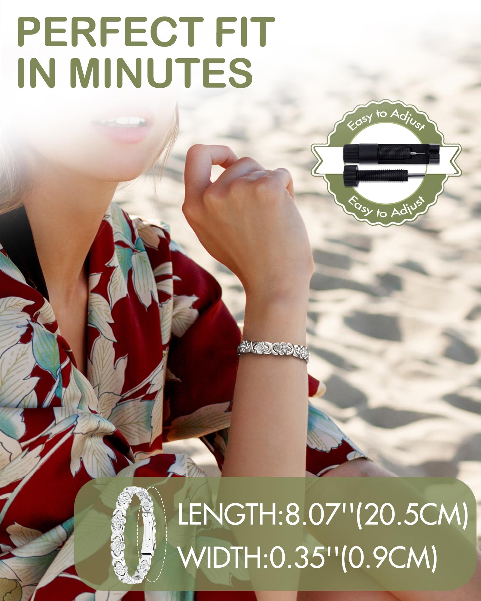 - 5X MAGNETIC STRENGTH: Experience the enhanced benefits of this magnetic bracelet for women, now equipped with PowerOval neodymium magnets (5000 gauss)—5X stronger than normal magnets—for deeper magnetic impact.
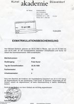 Nach dem bestandenem Abitur musste ich erst einmal zur Bundeswehr, obwohl ich mich schon gerne für ein Kunststudium beworben hätte. Das musste ich jetzt aber erst einmal hinten anstellen. Meine Bundeswehrzeit war recht kurz, weil ich krankheitsbedingt (wegen einer starken Sehschwäche) bereits nach drei Monaten der Grundausbildung schon wieder entlassen wurde. Leider war zu dieser Zeit bereits die Bewerbungsfrist für ein Kunststudium überschritten, das hieß, dass ich noch ein ganzes Jahr warten musste, um mich für ein Studium der freien Kunst bewerben zu können. Da jedoch für diese Bewerbung eine Mappe mit ausgewählten Arbeitsproben vonnöten war, hatte ich jetzt viel Zeit diese Mappe zu erstellen. 1982 begann ich dann damit, großformatige Bleistiftzeichnungen anzufertigen, mit denen ich sogar noch vor meinem Studium an Ausstellungen teilgenommen hatte. Außerdem übte ich mich jetzt im Umgang mit Farben und verschiedensten Mal- und Zeichentechniken. Alle so entstandenen Bilder sammelte ich fleißig in meiner Mappe, um diese dann der Prüfungskommission in der Düsseldorfer Kunstakademie vorzulegen. Ich hatte mich bereits entschlossen, mich an dieser renommierten, wenn nicht gar besten Kunstakademie Deutschlands zu bewerben. Weitere Bewerbungen an anderen Kunsthochschulen und Akademien kamen für mich nicht in Frage. Meine Kunstlehrerin, die ebenfalls an der Düsseldorfer Akademie studiert hatte, unterstützte mich auch nach dem Abitur noch mit guten Ratschlägen und Tipps, die ich gerne von ihr annahm.
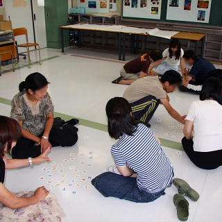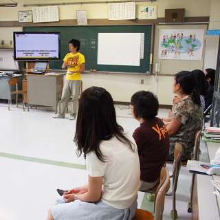 29日(木)、日光林間学園が無事に終わり一段落というところですが、夏休み水泳指導は続いています。ところが、今日は朝から断続的に雨模様の天気になり、初めて水泳指導が中止になりました。気温はわりあいに高いものの、時折激しく降る雨と強風で、実施は無理でした。そんな1日でしたが、午後からは教員の研修会を行いました。外国語(英語)活動の研修です。4階の学習室(英語教室)に移設した大型モニターテレビを使用したり、英語によるゲームをしたり、来年度本格実施になる5・6年生の外国語活動に備える研修です。ただし、本校では5・6年生が先取りで年間35時間実施しています。講師はその5・6年担任です。明日も行うことになっています。
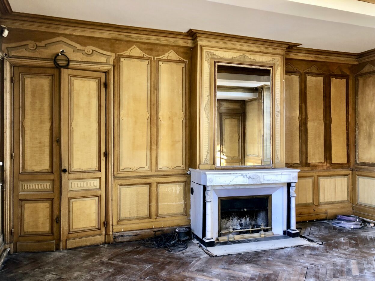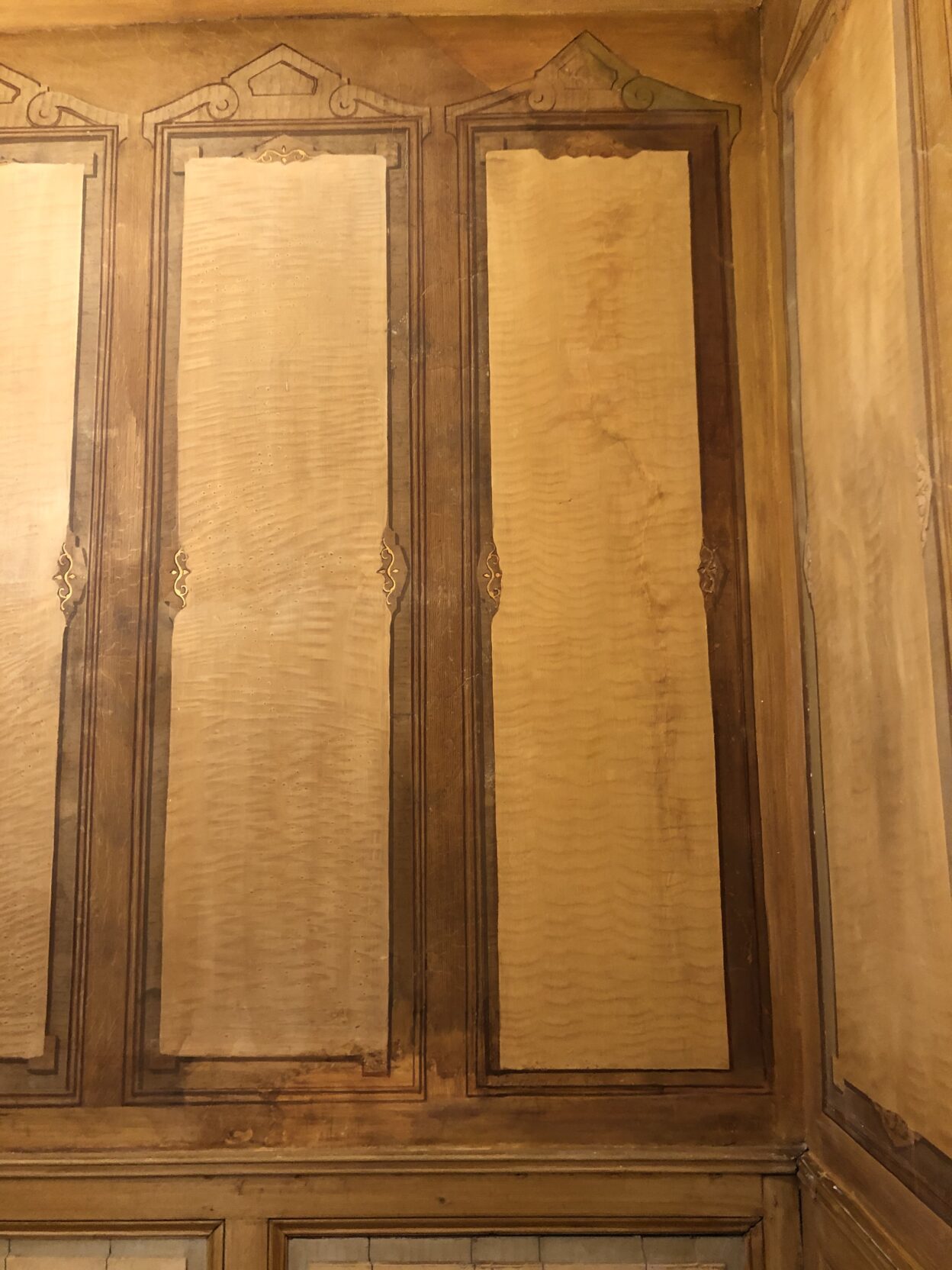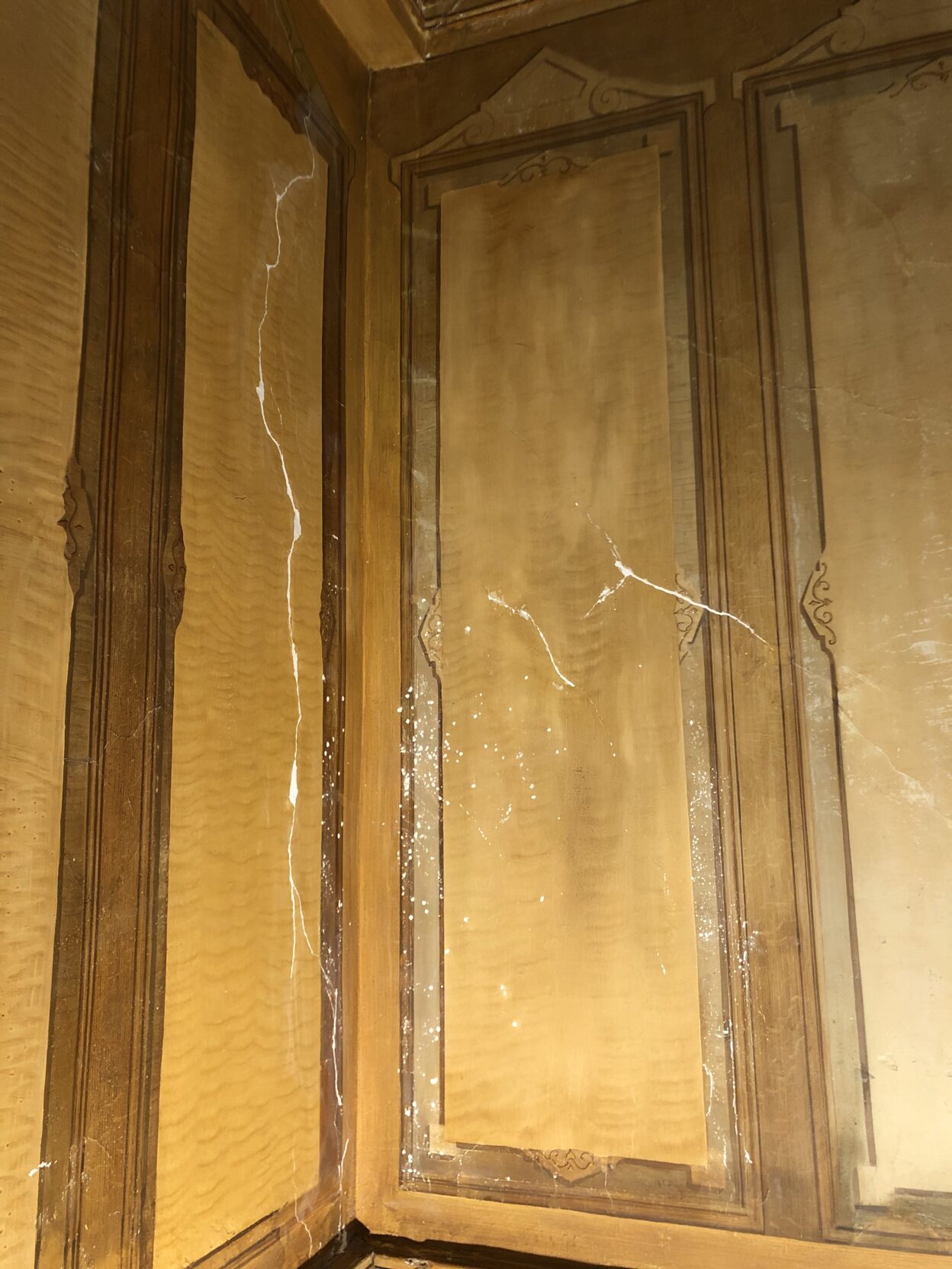 À la suite des mouvements de la bâtisse des fissures sont apparues sur les murs provoquant des dégâts sur les décors. Il a donc fallu consolider les décors, traiter les fissures et procéder à la réintégration picturale des faux bois.

---------------

What you return must match the material above exactly, minus its pictures.

SOLUTION TO THE PROBLEM:
 - 5X MAGNETIC STRENGTH: Experience the enhanced benefits of this magnetic bracelet for women, now equipped with PowerOval neodymium magnets (5000 gauss)—5X stronger than normal magnets—for deeper magnetic impact.
 Nach dem bestandenem Abitur musste ich erst einmal zur Bundeswehr, obwohl ich mich schon gerne für ein Kunststudium beworben hätte. Das musste ich jetzt aber erst einmal hinten anstellen. Meine Bundeswehrzeit war recht kurz, weil ich krankheitsbedingt (wegen einer starken Sehschwäche) bereits nach drei Monaten der Grundausbildung schon wieder entlassen wurde. Leider war zu dieser Zeit bereits die Bewerbungsfrist für ein Kunststudium überschritten, das hieß, dass ich noch ein ganzes Jahr warten musste, um mich für ein Studium der freien Kunst bewerben zu können. Da jedoch für diese Bewerbung eine Mappe mit ausgewählten Arbeitsproben vonnöten war, hatte ich jetzt viel Zeit diese Mappe zu erstellen. 1982 begann ich dann damit, großformatige Bleistiftzeichnungen anzufertigen, mit denen ich sogar noch vor meinem Studium an Ausstellungen teilgenommen hatte. Außerdem übte ich mich jetzt im Umgang mit Farben und verschiedensten Mal- und Zeichentechniken. Alle so entstandenen Bilder sammelte ich fleißig in meiner Mappe, um diese dann der Prüfungskommission in der Düsseldorfer Kunstakademie vorzulegen. Ich hatte mich bereits entschlossen, mich an dieser renommierten, wenn nicht gar besten Kunstakademie Deutschlands zu bewerben. Weitere Bewerbungen an anderen Kunsthochschulen und Akademien kamen für mich nicht in Frage. Meine Kunstlehrerin, die ebenfalls an der Düsseldorfer Akademie studiert hatte, unterstützte mich auch nach dem Abitur noch mit guten Ratschlägen und Tipps, die ich gerne von ihr annahm.
 29日(木)、日光林間学園が無事に終わり一段落というところですが、夏休み水泳指導は続いています。ところが、今日は朝から断続的に雨模様の天気になり、初めて水泳指導が中止になりました。気温はわりあいに高いものの、時折激しく降る雨と強風で、実施は無理でした。そんな1日でしたが、午後からは教員の研修会を行いました。外国語(英語)活動の研修です。4階の学習室(英語教室)に移設した大型モニターテレビを使用したり、英語によるゲームをしたり、来年度本格実施になる5・6年生の外国語活動に備える研修です。ただし、本校では5・6年生が先取りで年間35時間実施しています。講師はその5・6年担任です。明日も行うことになっています。
 À la suite des mouvements de la bâtisse des fissures sont apparues sur les murs provoquant des dégâts sur les décors. Il a donc fallu consolider les décors, traiter les fissures et procéder à la réintégration picturale des faux bois.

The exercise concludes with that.